Hitting the limit returns 429 Too Many Requests. Retry-After header indicates seconds to wait.

Security

  • Localhost only by default: Server binds to 127.0.0.1 in release builds, not accessible over network without ADB
  • Auth tokens: Generated per-session, configured in Settings. Treat as secrets. Rotate regularly with /control/rotate-auth-token
  • No HTTPS: Uses plain HTTP over ADB tunnel. ADB provides the security boundary.

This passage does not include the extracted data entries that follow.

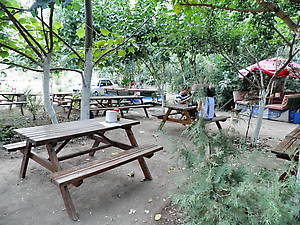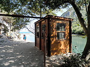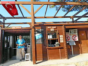 В начале каждого часа от этой остановки (ориентир — придорожное кафе) в начале каждого часа с 8 до 17 ходят долмуши в Олимпос. Обратно из Олимпоса к трассе — каждый час .
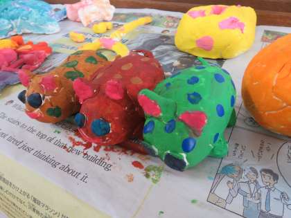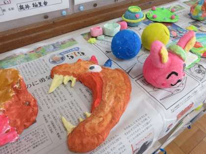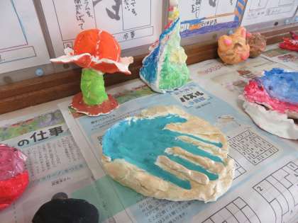 子ども達らしい、バラエティー豊かな作品が出来上がりました。どの作品も眺めていると、元気が出ますね。
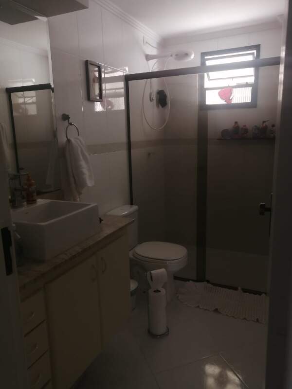 - Banheiro social com box de vidro e gabinete;
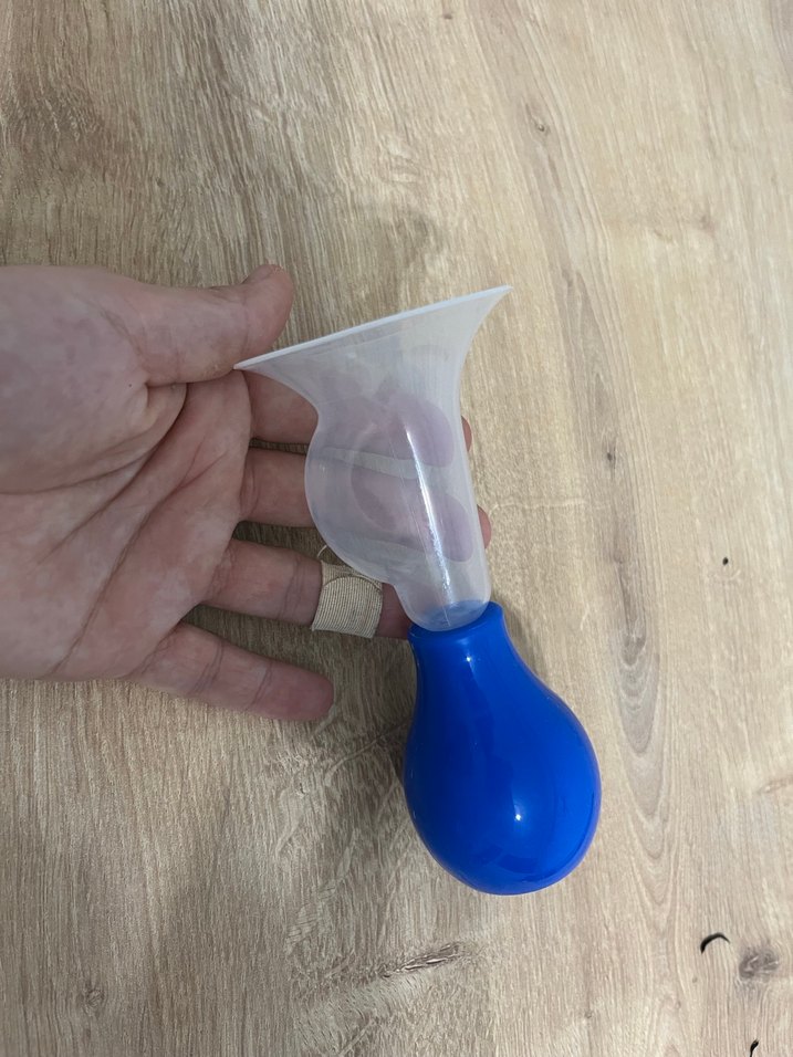 Mavi balon ve şeffaf emiş başlığına sahip göğüs pompası, süt sağımını kolaylaştırır. Elektrikli pompa kullandığım için çok az kullandım iyi durumda
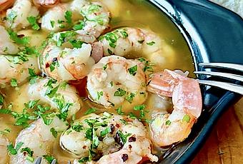 Un plato tradicional español que nace en el recetario de Madrid, así como las Patatas bravas, o el Bocadillo de calamares son reconocidos representantes de la cocina madrileña. Estas gambas son muy populares para comerse como una tapa o una ración de aperitivo y que podrás encontrarlo en la gran mayoría de bares tradicionales de la ciudad. 4 o 5 ingredientes, no más, es necesario para hacer esta fácil, pero maravillosa receta. No te dejes engañar por los tiempos de cocción, es muy importante no sobre cocinar las gambas, sino te quedarán duros o gomosos.
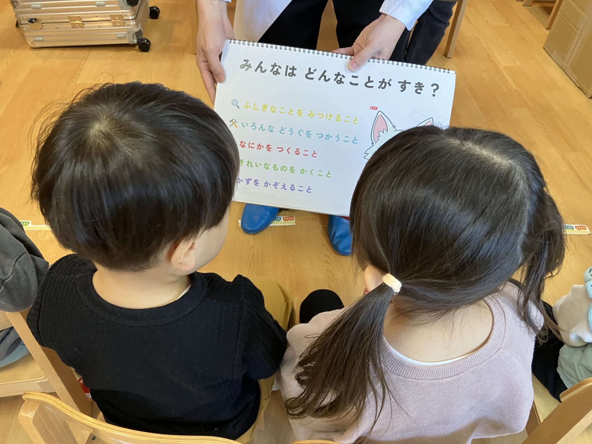 普段の遊びの中から「なぜ?」「どうして?」を子ども同士の対話や実験を通して探究してきた子どもたちにさらに興味関心を広げてほしいなと思い、ワークショップを行いました♪
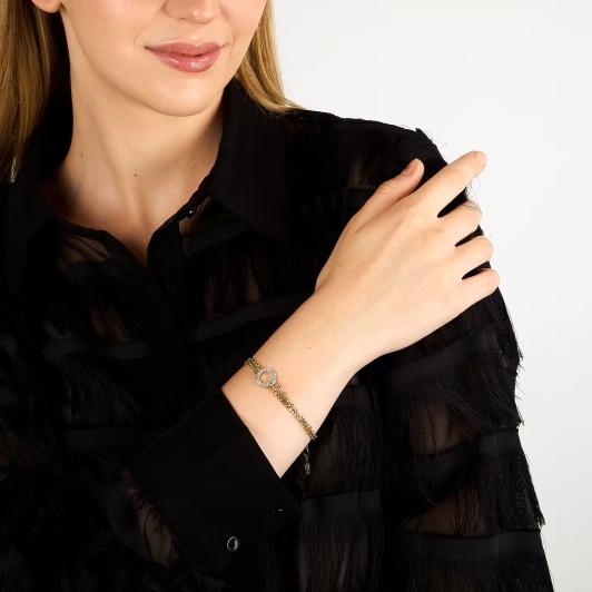 Браслет выполнен из высококачественной нержавеющей стали, покрытой роскошным IP-покрытием золотого цвета, которое придает ему теплое сияние и обеспечивает долговечность. Основа браслета состоит из двух тонких золотистых цепочек, соединенных вместе.
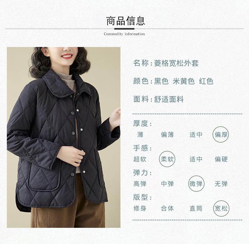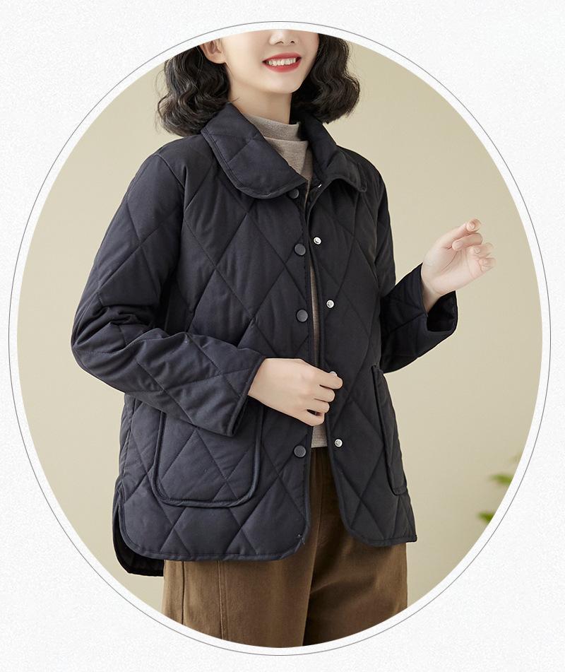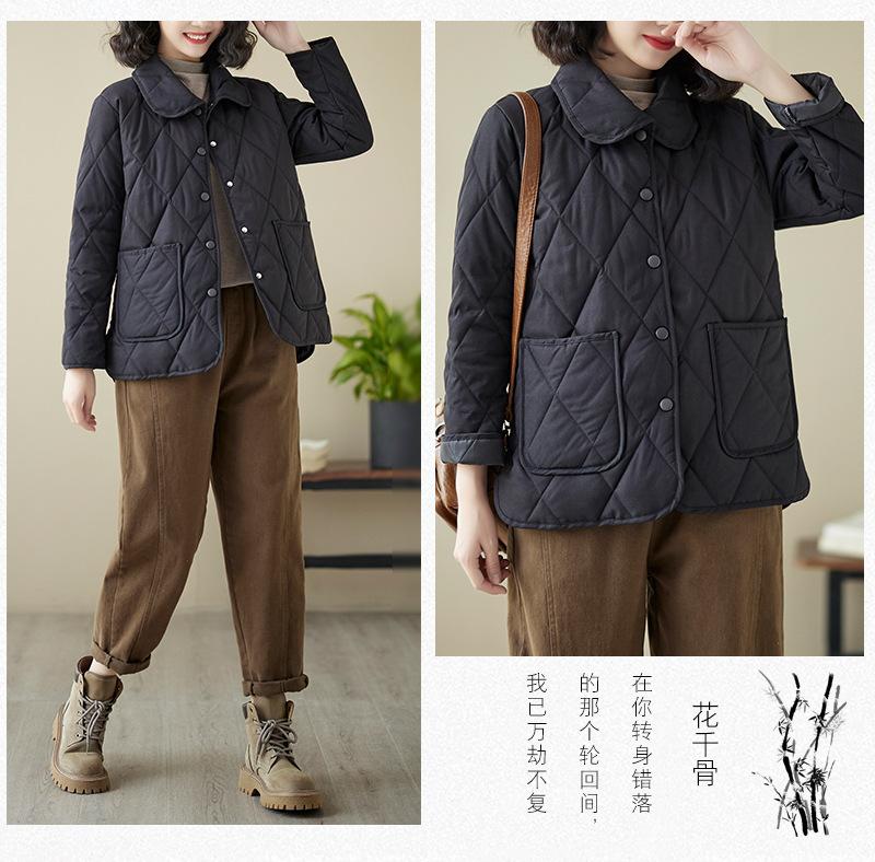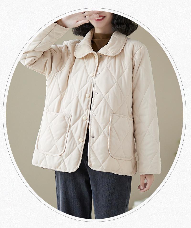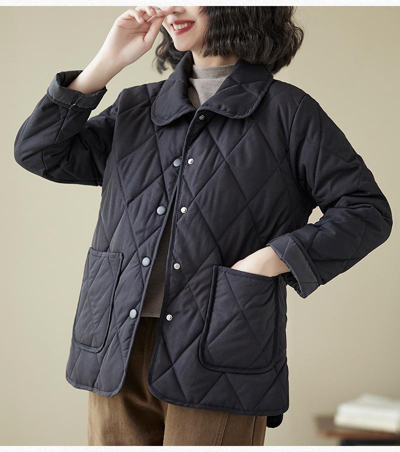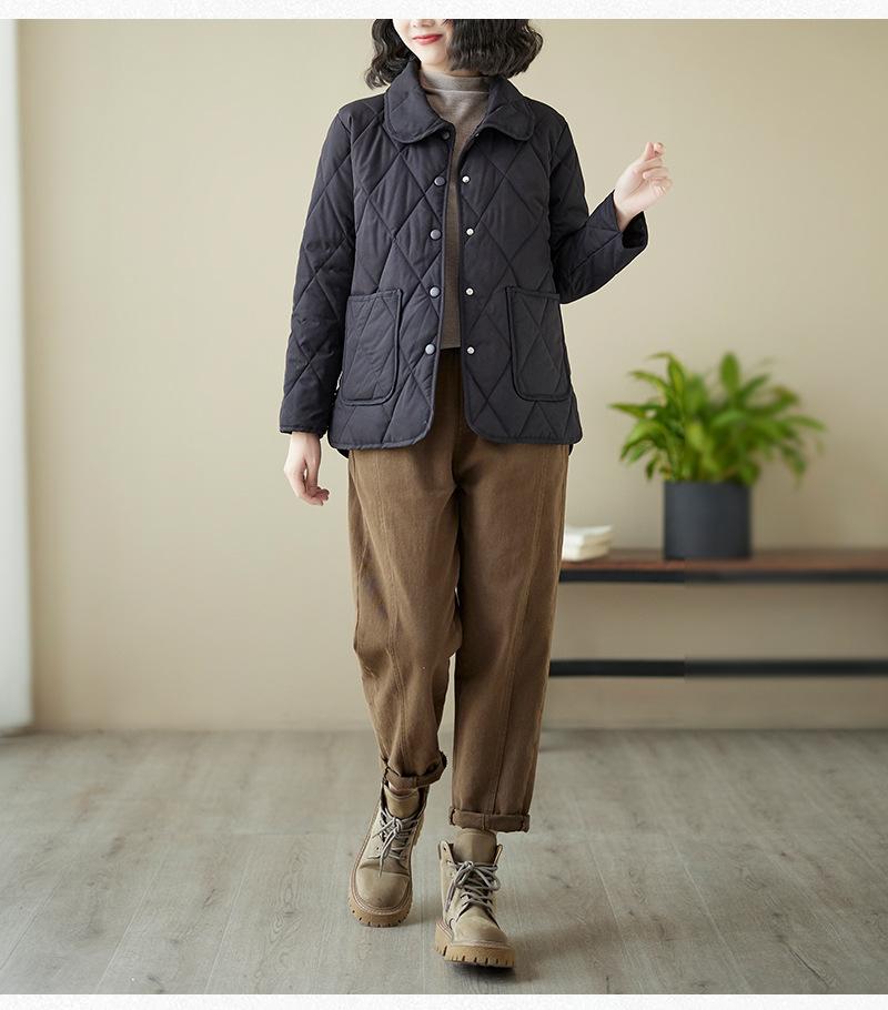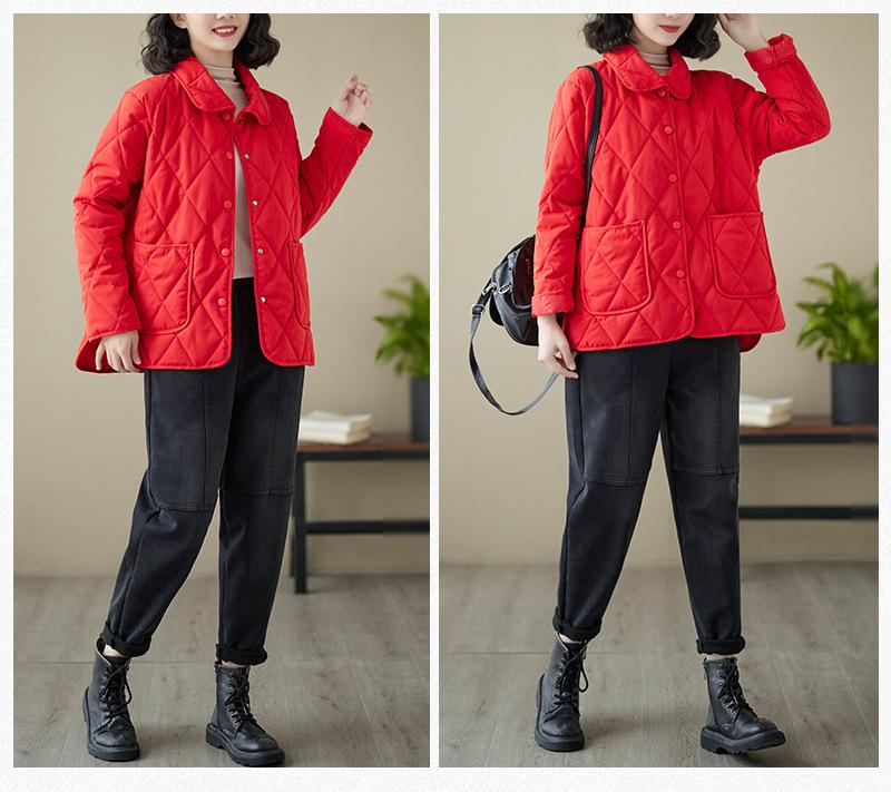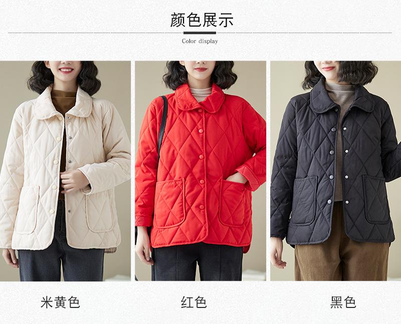 Abrigo acolchado de algodón con rombos cortos y pequeños de tiro real para mujer, nuevo abrigo acolchado de algodón fino estilo occidental de otoño e invierno 2023

  • Debug mode only: API is only available in debug builds (BuildConfig.DEBUG) or when explicitly enabled.
  • Network binding: Release builds force localhost binding regardless of settings. Use ADB port forwarding for remote access.
  • CORS: Not applicable (native Android app, no browser context)
  • Input validation: All parameters validated server-side. Untrusted input sanitized before use.